HackerNews中文版

想知道像 Kafka（或其他替代方案）这样的事件驱动技术是如何融入大型 LLM 提供商的后端和/或基础设施的。我主要想到的问题有： 1. 大型 LLM 提供商如何处理训练数据、评估结果和人类反馈的流程？这些是通过事件流（如 Kafka）进行实时处理，还是更多地依赖批处理和传统的 ETL 管道？ 2. 对于具有依赖关系的复杂 ML 管道（例如，数据摄取 -> 预处理 -> 训练 -> 评估 -> 部署），他们是否使用事件驱动的编排，其中每个阶段发布一些完成事件，或者他们是否使用传统的流程编排器，如 Airflow，并采用基于轮询的依赖关系管理？ 3. 他们如何处理实时性能监控和安全信号？这些是能够触发即时响应（如模型回滚）的事件驱动系统，还是主要进行批处理分析，并有一些延迟的反应？我基本上是想了解事件驱动范式在现代 AI 基础设施中的应用程度，如果有人正在（或曾经）从事这方面的工作，我很乐意听取任何高层次的见解。

查看原文

Curious how some event-driven technologies like Kafka (or alternatives) fit into the backend and/or infrastructure of large LLM providers.Some of the questions I have in mind are more:1. How do large LLM providers handle the flow of training data, evaluation results and human feedback? Are these managed through event streams (like Kafka) for real-time processing or do they rely more on batch processing and traditional ETL pipelines?2. For complex ML pipelines with deps (eg. data ingestion -> preprocessing -> training -> evaluation -> deployment), do they use event-driven orchestration where each stage publishes some completion events or do they use traditional workflow orchestrators like Airflow with polling-based dependency management?3. How do they handle real-time performance monitoring and safety signals?
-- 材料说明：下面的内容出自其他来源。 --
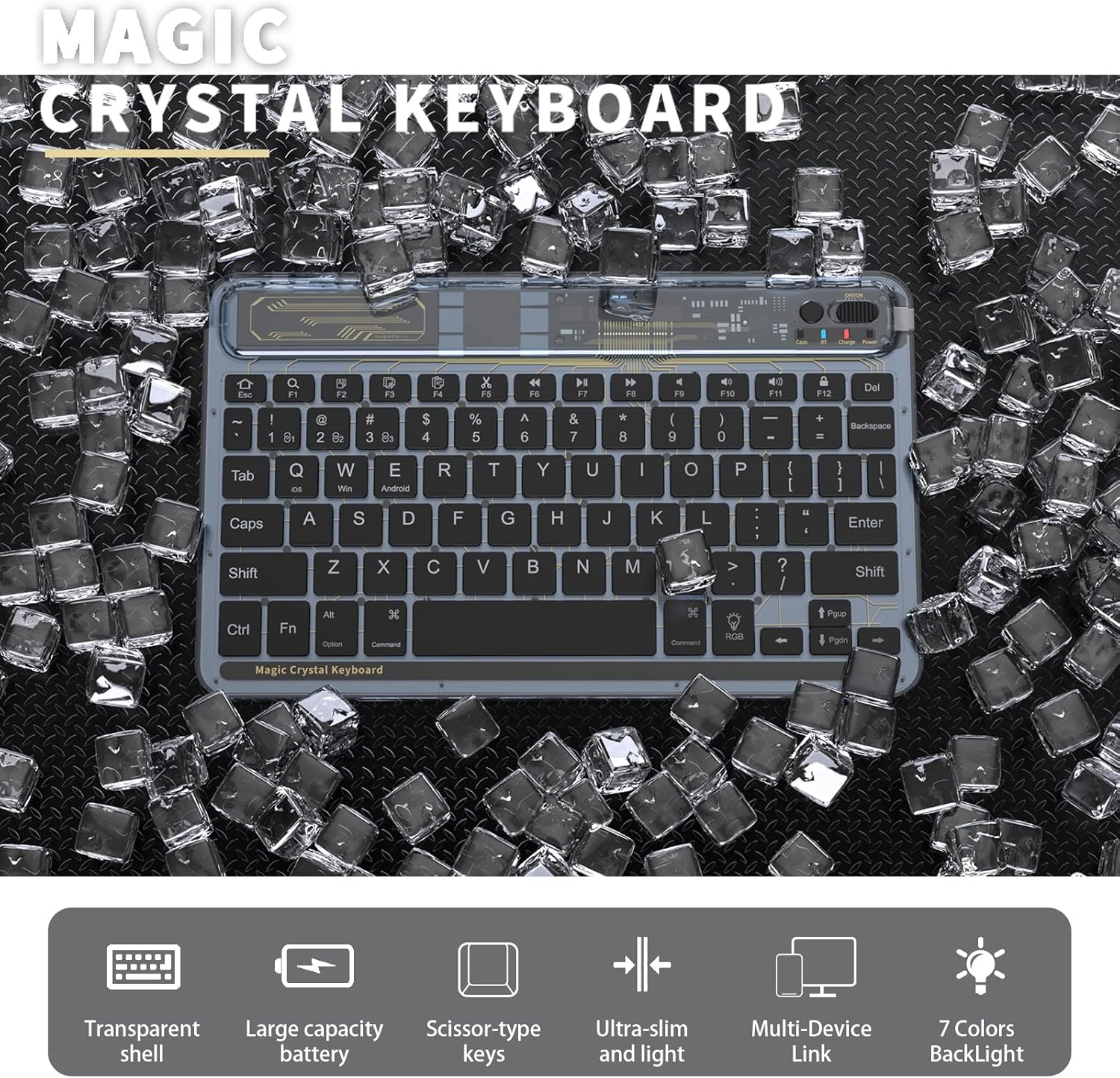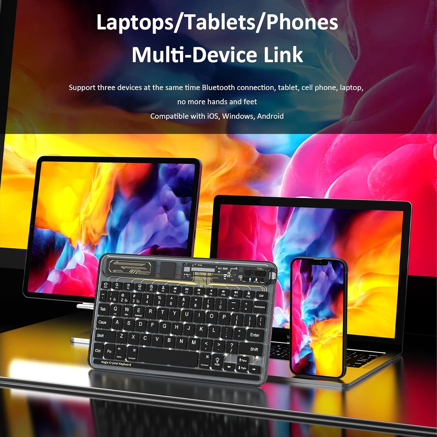 Mini teclado Bluetooth inalámbrico, 7 colores RGB, iOS, Android.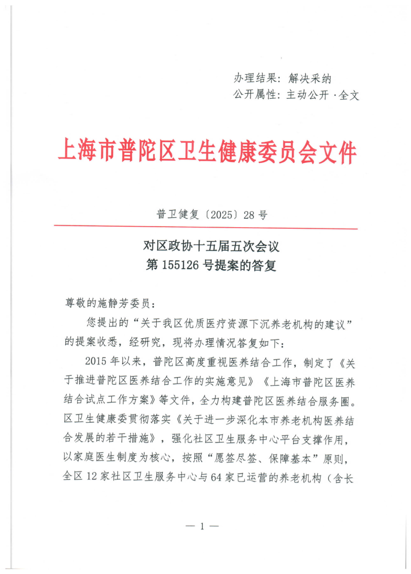您提出的“关于我区优质医疗资源下沉养老机构的建议”的提案收悉,经研究,现将办理情况答复如下:

Are these event-driven systems that can trigger immediate responses (like model rollbacks) or are they primarily batch analytics with some delayed reactions?I'm basically trying to understand how far the event-driven paradigm fits in modern AI infra and I would love any high-level insights if someone is (or has been) working with it.

Ask HN: Kafka 或事件驱动系统在 LLM 基础设施中如何应用？